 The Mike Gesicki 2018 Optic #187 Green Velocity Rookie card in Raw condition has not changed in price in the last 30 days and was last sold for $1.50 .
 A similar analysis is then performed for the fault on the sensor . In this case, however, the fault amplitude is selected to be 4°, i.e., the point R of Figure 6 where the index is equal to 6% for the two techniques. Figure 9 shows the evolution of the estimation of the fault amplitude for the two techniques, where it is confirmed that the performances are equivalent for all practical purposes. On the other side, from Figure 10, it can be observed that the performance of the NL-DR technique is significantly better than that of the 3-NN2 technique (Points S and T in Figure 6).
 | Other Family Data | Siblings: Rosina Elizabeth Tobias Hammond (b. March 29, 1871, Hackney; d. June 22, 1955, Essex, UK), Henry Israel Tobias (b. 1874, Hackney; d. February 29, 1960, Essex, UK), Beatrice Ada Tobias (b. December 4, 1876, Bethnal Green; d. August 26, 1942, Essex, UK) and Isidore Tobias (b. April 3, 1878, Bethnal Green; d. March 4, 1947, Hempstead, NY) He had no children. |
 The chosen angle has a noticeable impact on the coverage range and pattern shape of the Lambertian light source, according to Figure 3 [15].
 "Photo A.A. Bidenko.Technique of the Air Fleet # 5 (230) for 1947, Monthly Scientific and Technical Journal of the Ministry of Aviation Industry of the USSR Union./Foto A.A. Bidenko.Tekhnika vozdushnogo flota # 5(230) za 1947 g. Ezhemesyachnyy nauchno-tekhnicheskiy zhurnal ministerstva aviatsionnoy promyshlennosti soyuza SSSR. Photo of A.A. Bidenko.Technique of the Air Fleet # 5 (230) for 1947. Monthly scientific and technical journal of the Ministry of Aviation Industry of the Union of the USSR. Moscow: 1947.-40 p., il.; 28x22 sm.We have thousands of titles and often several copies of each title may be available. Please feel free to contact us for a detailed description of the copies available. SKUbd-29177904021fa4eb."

----------

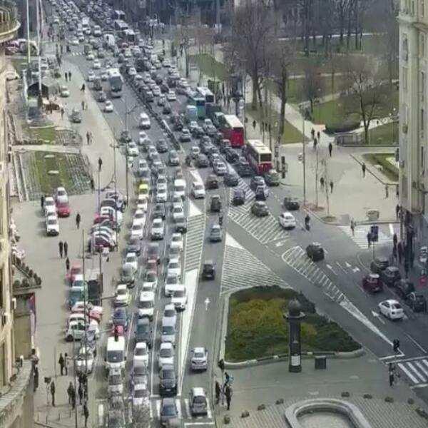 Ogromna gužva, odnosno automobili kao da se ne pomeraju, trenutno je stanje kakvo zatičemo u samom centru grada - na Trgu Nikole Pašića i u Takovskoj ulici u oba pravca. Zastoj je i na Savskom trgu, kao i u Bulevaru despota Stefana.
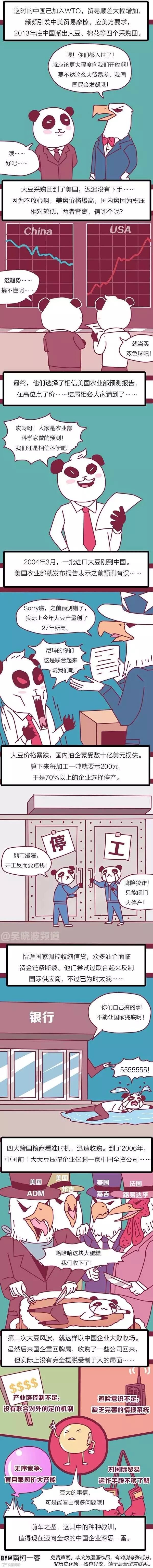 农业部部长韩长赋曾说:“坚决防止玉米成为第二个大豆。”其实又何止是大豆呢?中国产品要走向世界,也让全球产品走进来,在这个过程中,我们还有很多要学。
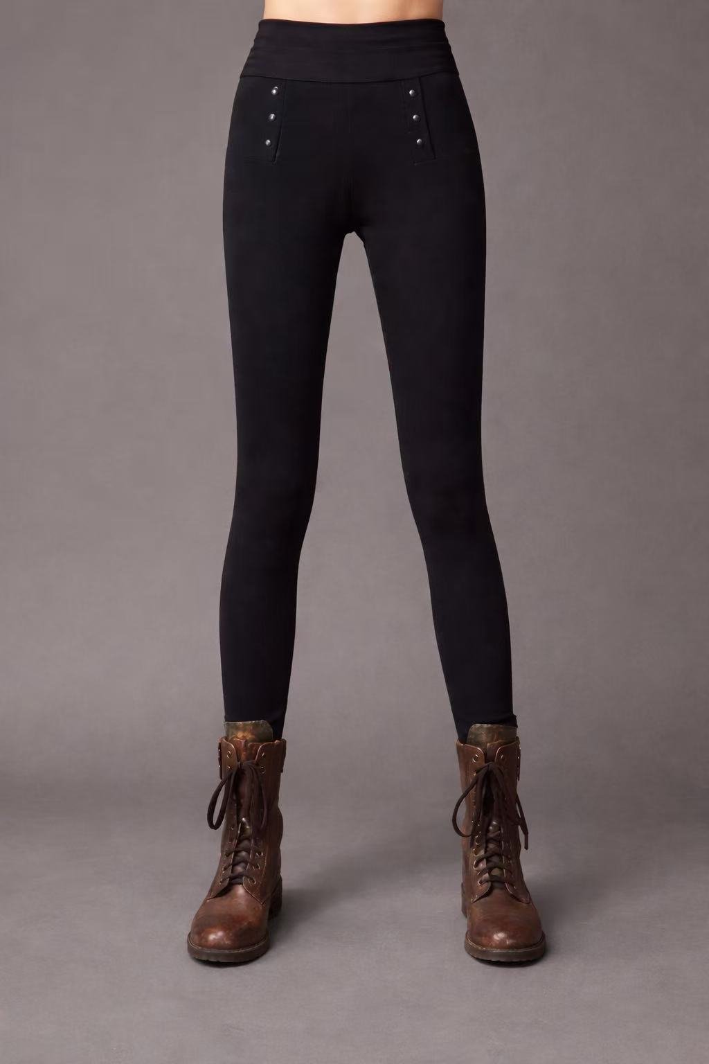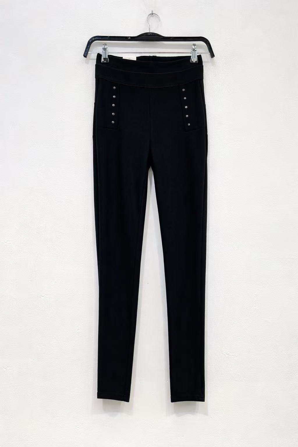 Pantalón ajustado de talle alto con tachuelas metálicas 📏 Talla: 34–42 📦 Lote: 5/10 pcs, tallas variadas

----------

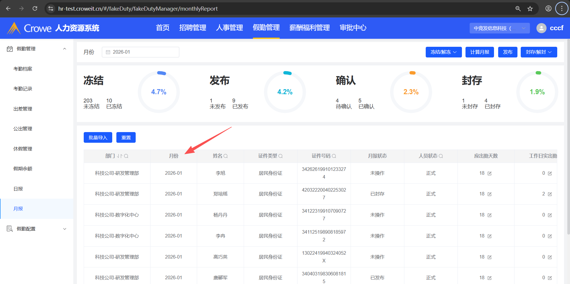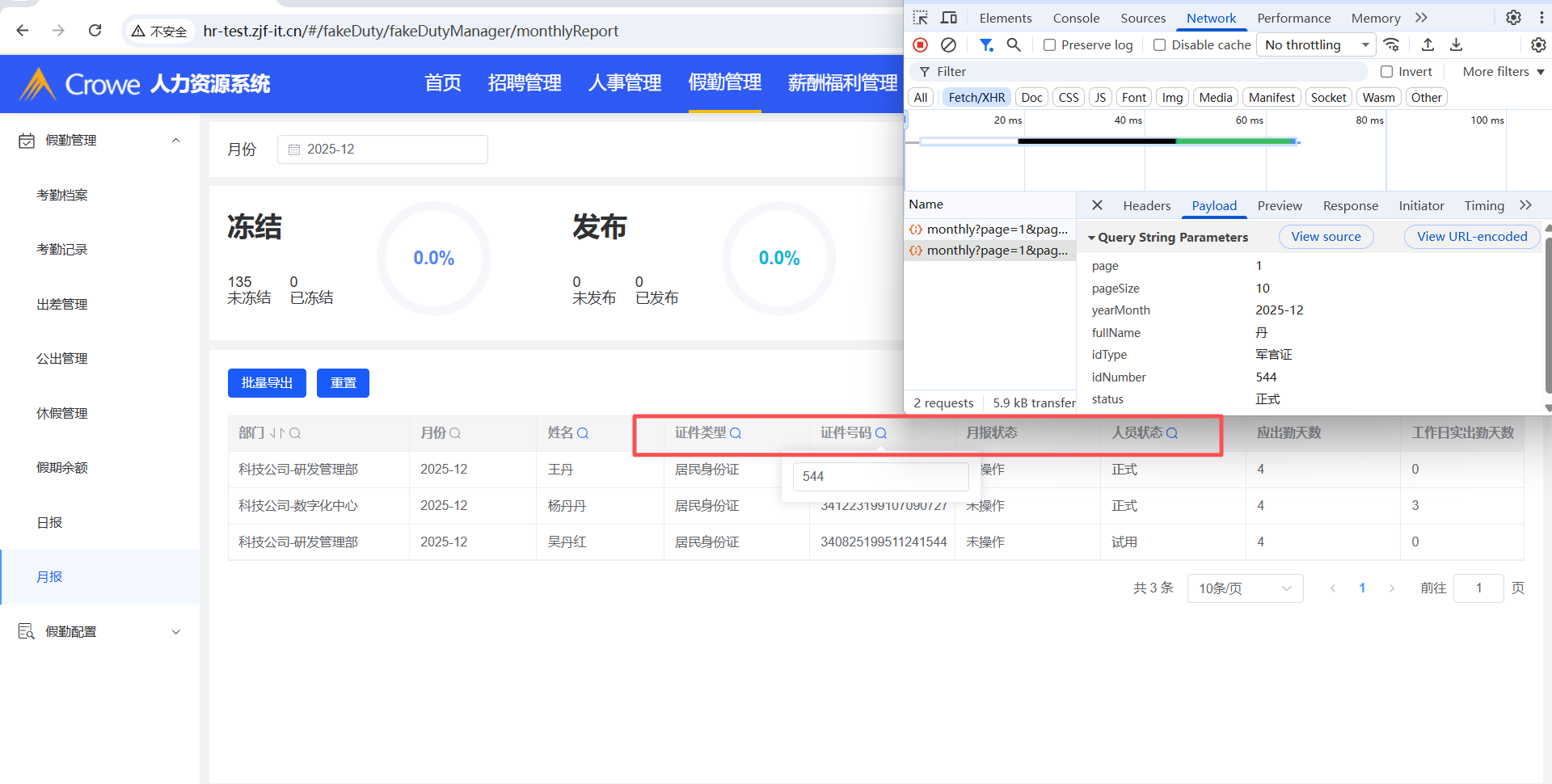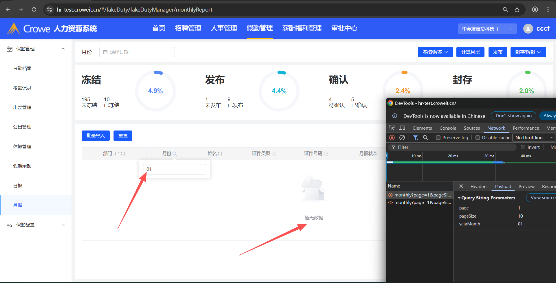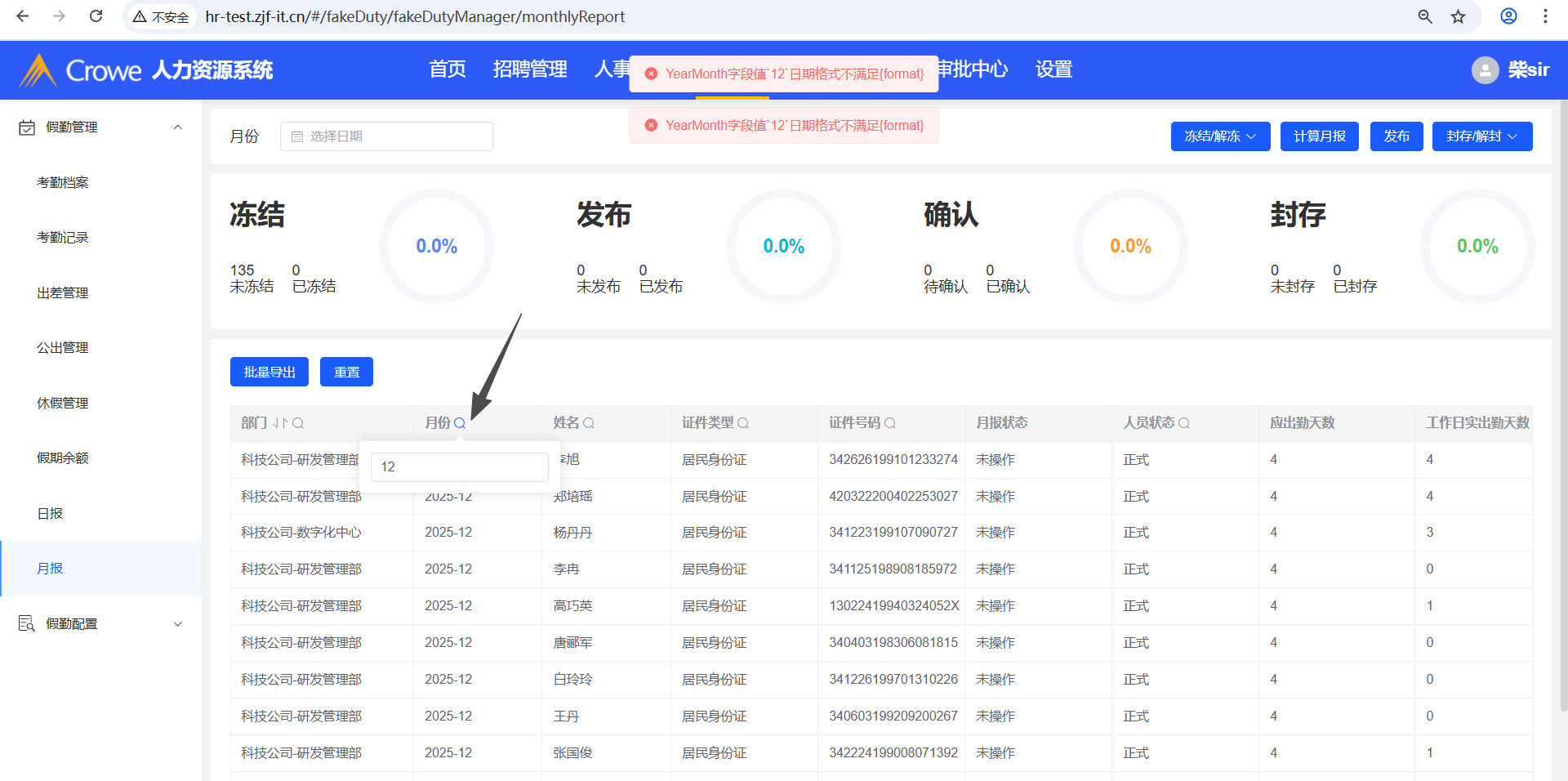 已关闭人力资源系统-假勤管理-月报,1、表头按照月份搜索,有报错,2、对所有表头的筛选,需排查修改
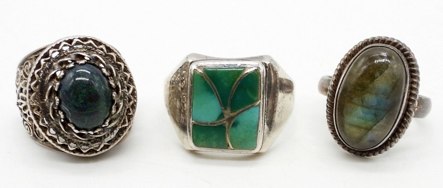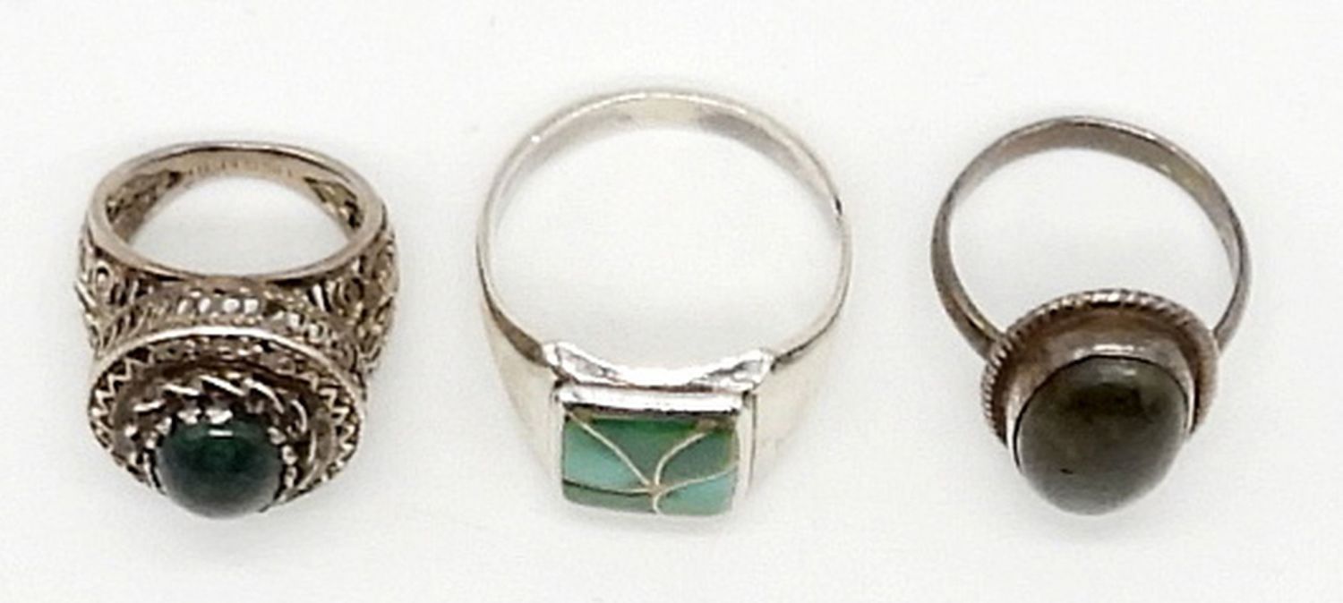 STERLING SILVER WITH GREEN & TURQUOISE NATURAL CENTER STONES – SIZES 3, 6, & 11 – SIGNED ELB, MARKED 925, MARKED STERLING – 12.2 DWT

----------

__Problem description__. Transcribe, exactly and without additions, the lines of the records above, beginning with the line that contains "The Mike Gesicki" and ending with the line that contains "The chosen angle", both included.

__Problem solution__.
 The Mike Gesicki 2018 Optic #187 Green Velocity Rookie card in Raw condition has not changed in price in the last 30 days and was last sold for $1.50 .
 A similar analysis is then performed for the fault on the sensor . In this case, however, the fault amplitude is selected to be 4°, i.e., the point R of Figure 6 where the index is equal to 6% for the two techniques. Figure 9 shows the evolution of the estimation of the fault amplitude for the two techniques, where it is confirmed that the performances are equivalent for all practical purposes. On the other side, from Figure 10, it can be observed that the performance of the NL-DR technique is significantly better than that of the 3-NN2 technique (Points S and T in Figure 6).
 | Other Family Data | Siblings: Rosina Elizabeth Tobias Hammond (b. March 29, 1871, Hackney; d. June 22, 1955, Essex, UK), Henry Israel Tobias (b. 1874, Hackney; d. February 29, 1960, Essex, UK), Beatrice Ada Tobias (b. December 4, 1876, Bethnal Green; d. August 26, 1942, Essex, UK) and Isidore Tobias (b. April 3, 1878, Bethnal Green; d. March 4, 1947, Hempstead, NY) He had no children. |
 The chosen angle has a noticeable impact on the coverage range and pattern shape of the Lambertian light source, according to Figure 3 [15].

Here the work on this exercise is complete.